SURAU.CO – Banyak umat Islam di negeri ini yang mengaku sebagai ahlussunnah waljamaah pengikut empat mazhab, tetapi kalau kita berbicara masalah tradisi budaya yang berkembang dalam masyarakat Islam seperti pesta-pesta adat persembahan tumbal dan sesajen, atau tahlilan kematian, tidak ada yang menyebut-nyebut imam mazhab, justru yang disebut-sebut adalah Wali Songo.
Seakan-akan Wali Songolah yang mengajarkan umat Islam boleh melakukan tradisi-tradisi persembahan tumbal/sesajen dan acara selamatan untuk orang mati seperti dilakukan oleh umat Hindu pada hari ke-1,7,40,100 atau 1 Tahun kematian seseorang.
Ajaran para imam mazhab itu jelas, karena kita bisa pelajari dari kitab-kitabnya, yang dengan tegas mengharamkan perbuatan syirik dan membenci berkumpul-kumpul di rumah orang berduka,membenci makan-makan di rumah orang berduka. Sedangkan ajaran Wali Songo, di kitab apa kita bisa pelajari ajaran- ajarannya,mulai dari akidah,fikih dan ajaran lainnya, melainkan hanya cerita yang turun temurun.

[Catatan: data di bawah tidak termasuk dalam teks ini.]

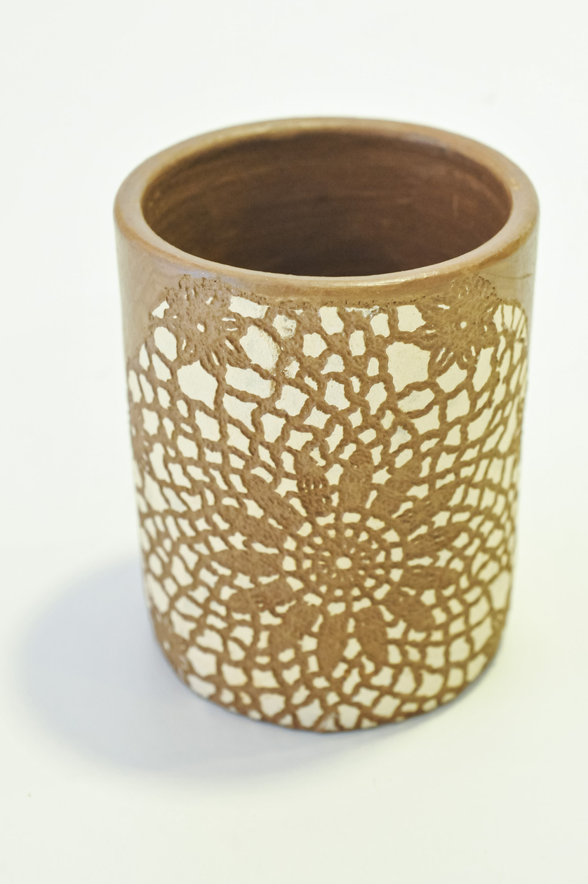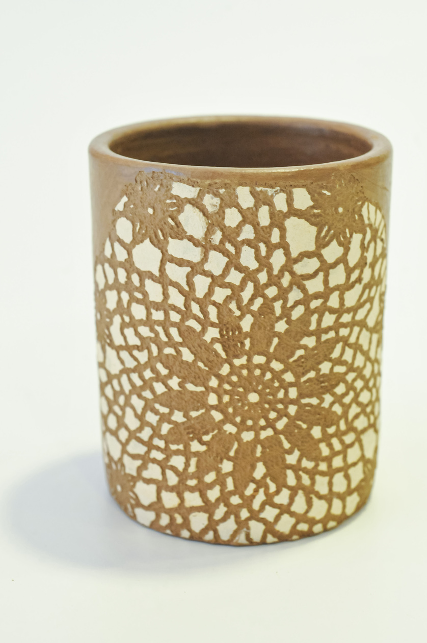 É uma peça de artesanato funcional, feita à mão com argila, destacando-se por seus detalhes entalhados que evocam um labirinto. Ideal para adicionar um toque artístico à sua mesa.

Dakwah Dengan Pendekatan Sosial Budaya
Lagi pula termasuk fitnah bila dikatakan bahwa tradisi-tradisi budaya seperti persembahan tumbal/sesajen dan tahlilan kematian sebagai ajaran Wali Songo, karena Wali Songo hanya istilah bagi tokoh- tokoh penyebar agama Islam di Jawa yang konon kabarnya terpecah juga menjadi 2 kelompok, yaitu kelompok wali putih dan Kelompok wali abangan/kejawen.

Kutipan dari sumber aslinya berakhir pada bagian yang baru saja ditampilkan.